## TASK GOAL
Please set out each line below exactly as it stands, without the images.

## THE DATA
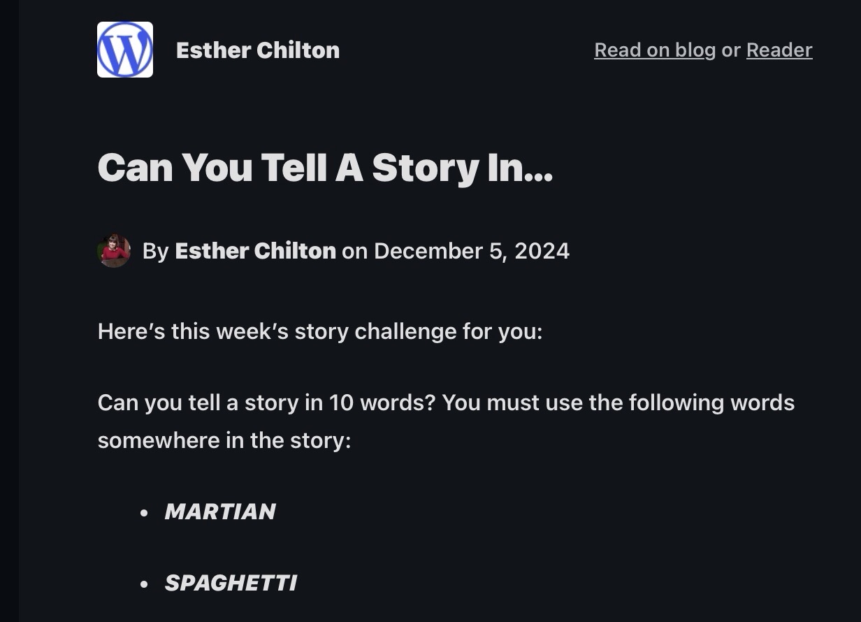 Can you tell a Story in 10? December 5, 2024 by rugby843, posted in Uncategorized *** The space travelers eating dinner: “This Martian spaghetti’s not bad!” *** Can You Tell A Story In… Click to email a link to a friend (Opens in new window) Email Like Loading... Related
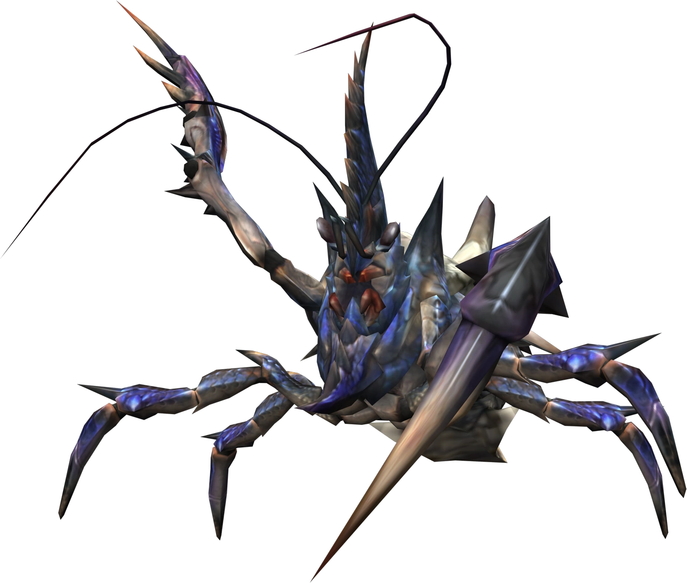 Er trägt meist einen Graviosschädel auf dem Rücken, manchmal aber auch einen gewöhnlichen Wyvernschädel, der etwas dem des Lavasioths ähnelt, oder ein riesiges Schneckenhaus. Wenn er wütend wird, klappen sich seine eingezogenen Scheren aus, mit denen er auch an Decken laufen kann. Seine Reichweite wird so enorm vergrößert.
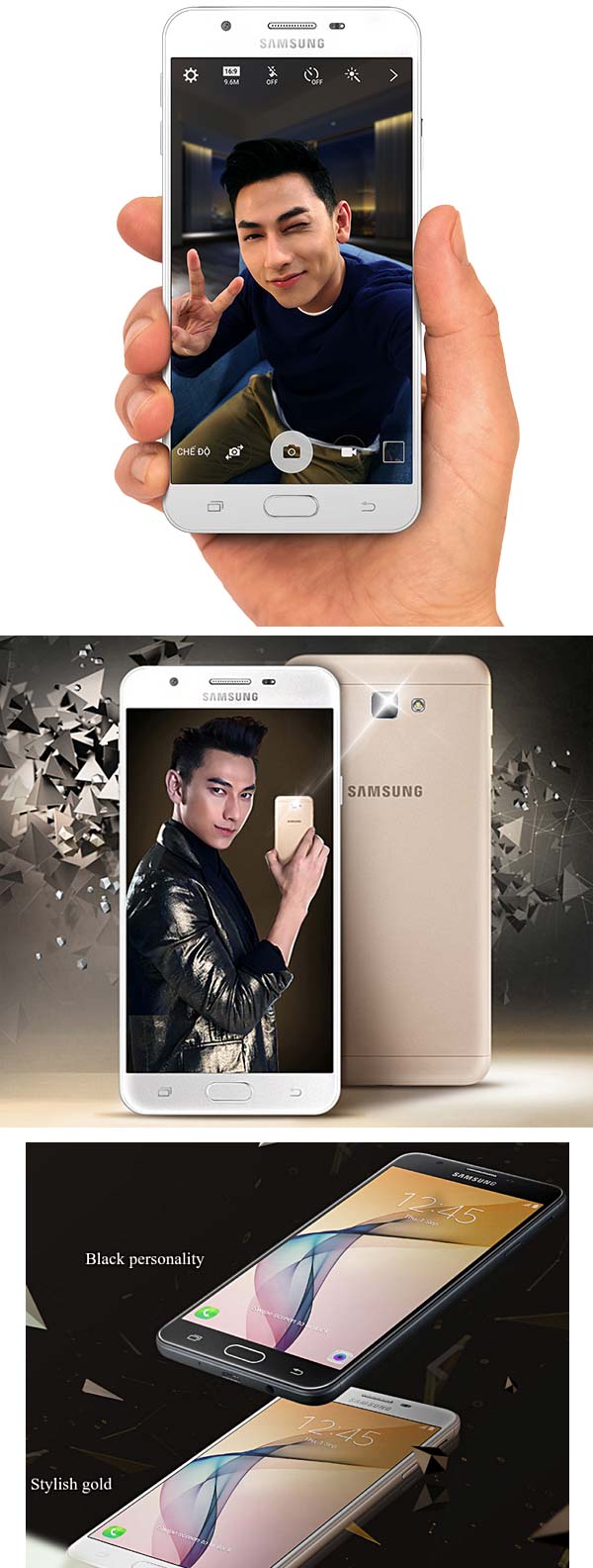 Местная знаменитость (видимо) позирует с Samsung Galaxy J7 Prime
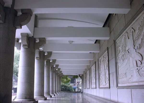 新館用融合的方法處理新舊建筑的關(guān)系,以原陳列大樓為中心,圍合前庭,強(qiáng)化兩翼,對(duì)稱布局,形成三殿式建筑,集簡(jiǎn)練、穩(wěn)重、統(tǒng)一于一體,秩序感極強(qiáng)。
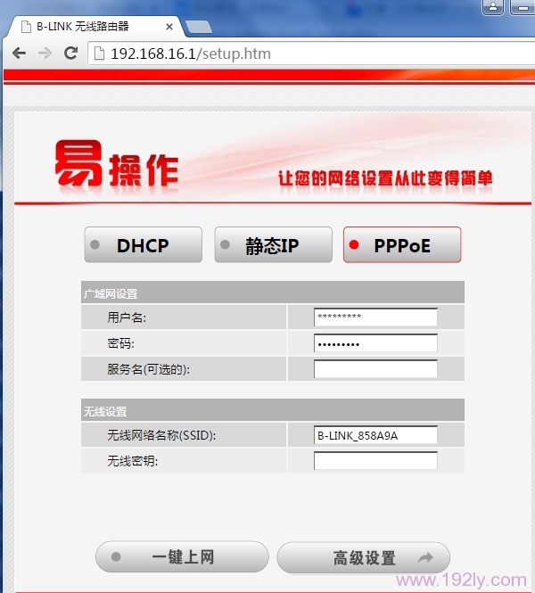(1)、PPPoE:办理宽带业务后,宽带运营商会提供“宽带账号”、“宽带密码”给用户;且在未使用路由器时,电脑上需要使用“宽带连接”(类似的程序)拨号上网。如果你办理的宽带是这种情况,那么在设置192.168.16.1路由器时,上网方式就应该选择:PPPoE,详细设置如下所示
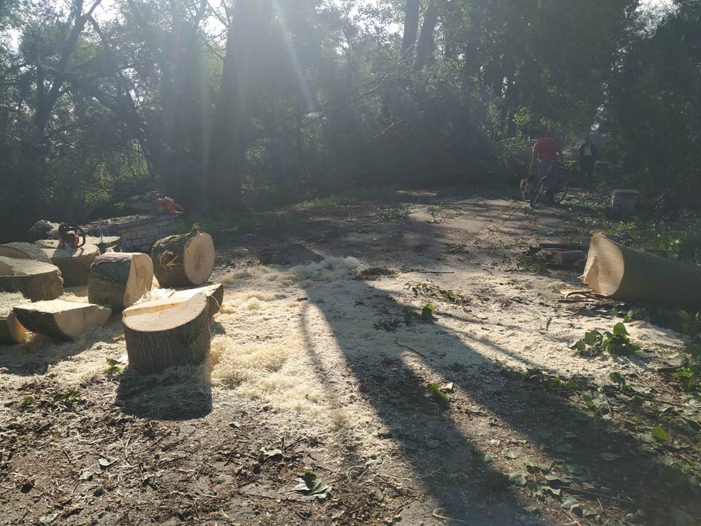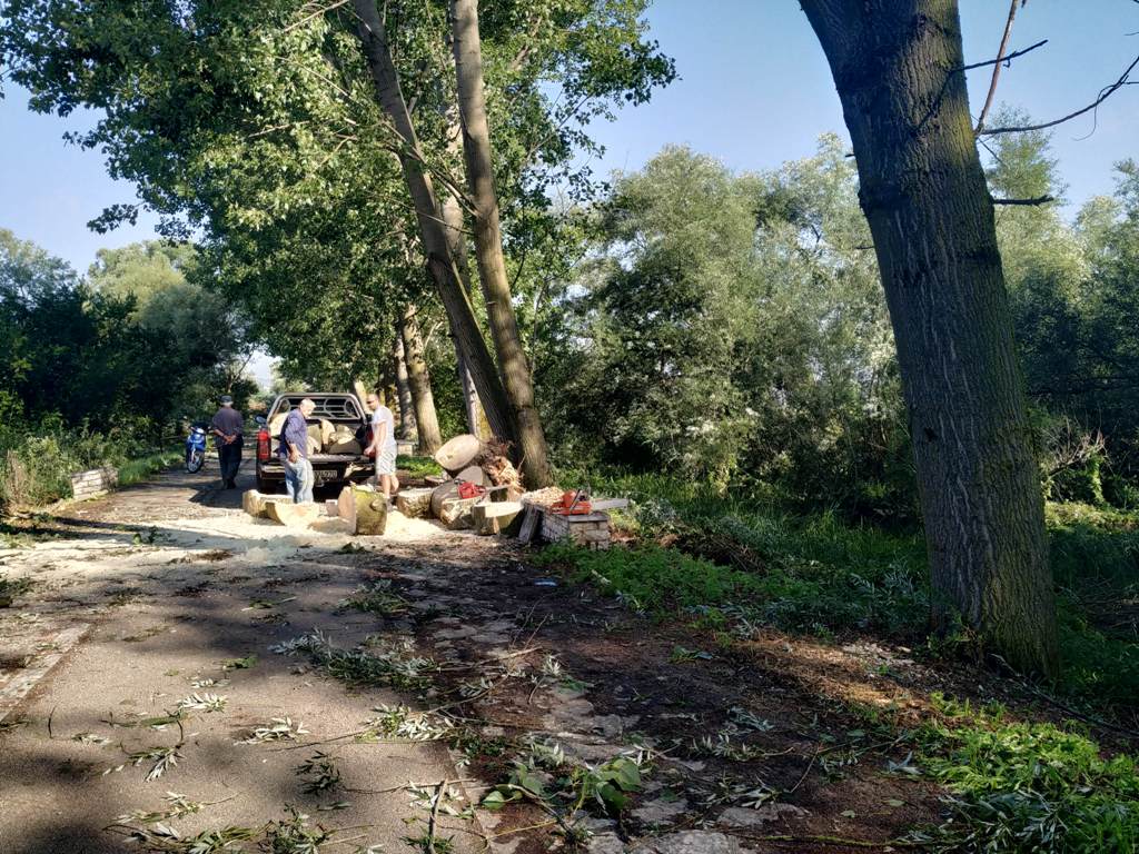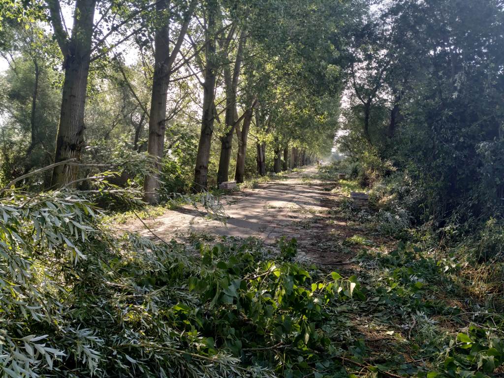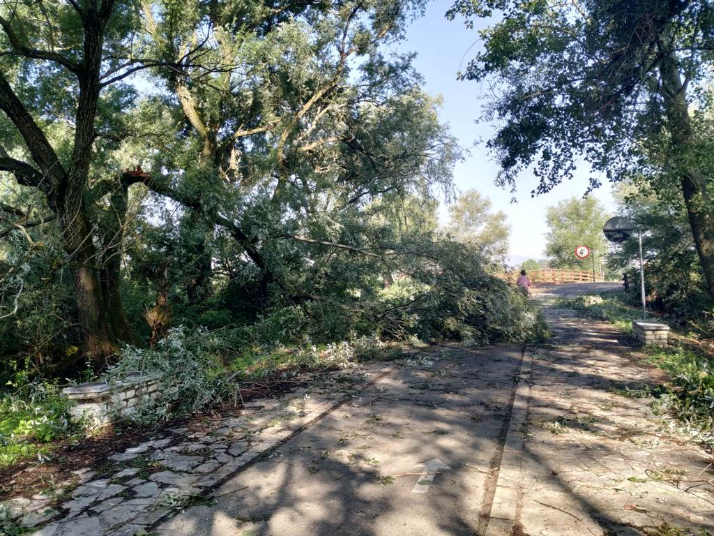 Η ξαφνική νεροποντή που συνοδευόταν από δυνατούς ανέμους είχε ως αποτέλεσμα την πτώση τεράστιων κορμών από λεύκες στον πεζόδρομο ενώ σε όλο το μήκος του το οδόστρωμα έχει καταληφθεί από κλαδιά που έπεσαν επίσης την ίδια ώρα.
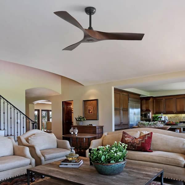 52 in. Indoor/Outdoor Downrod Black Ceiling Fan without Light with Reversible 6-Speed DC Remote

## RESPONSE
 Can you tell a Story in 10? December 5, 2024 by rugby843, posted in Uncategorized *** The space travelers eating dinner: “This Martian spaghetti’s not bad!” *** Can You Tell A Story In… Click to email a link to a friend (Opens in new window) Email Like Loading... Related
 Er trägt meist einen Graviosschädel auf dem Rücken, manchmal aber auch einen gewöhnlichen Wyvernschädel, der etwas dem des Lavasioths ähnelt, oder ein riesiges Schneckenhaus. Wenn er wütend wird, klappen sich seine eingezogenen Scheren aus, mit denen er auch an Decken laufen kann. Seine Reichweite wird so enorm vergrößert.
 Местная знаменитость (видимо) позирует с Samsung Galaxy J7 Prime
 新館用融合的方法處理新舊建筑的關(guān)系,以原陳列大樓為中心,圍合前庭,強(qiáng)化兩翼,對(duì)稱布局,形成三殿式建筑,集簡(jiǎn)練、穩(wěn)重、統(tǒng)一于一體,秩序感極強(qiáng)。
(1)、PPPoE:办理宽带业务后,宽带运营商会提供“宽带账号”、“宽带密码”给用户;且在未使用路由器时,电脑上需要使用“宽带连接”(类似的程序)拨号上网。如果你办理的宽带是这种情况,那么在设置192.168.16.1路由器时,上网方式就应该选择:PPPoE,详细设置如下所示
 Η ξαφνική νεροποντή που συνοδευόταν από δυνατούς ανέμους είχε ως αποτέλεσμα την πτώση τεράστιων κορμών από λεύκες στον πεζόδρομο ενώ σε όλο το μήκος του το οδόστρωμα έχει καταληφθεί από κλαδιά που έπεσαν επίσης την ίδια ώρα.
 52 in. Indoor/Outdoor Downrod Black Ceiling Fan without Light with Reversible 6-Speed DC Remote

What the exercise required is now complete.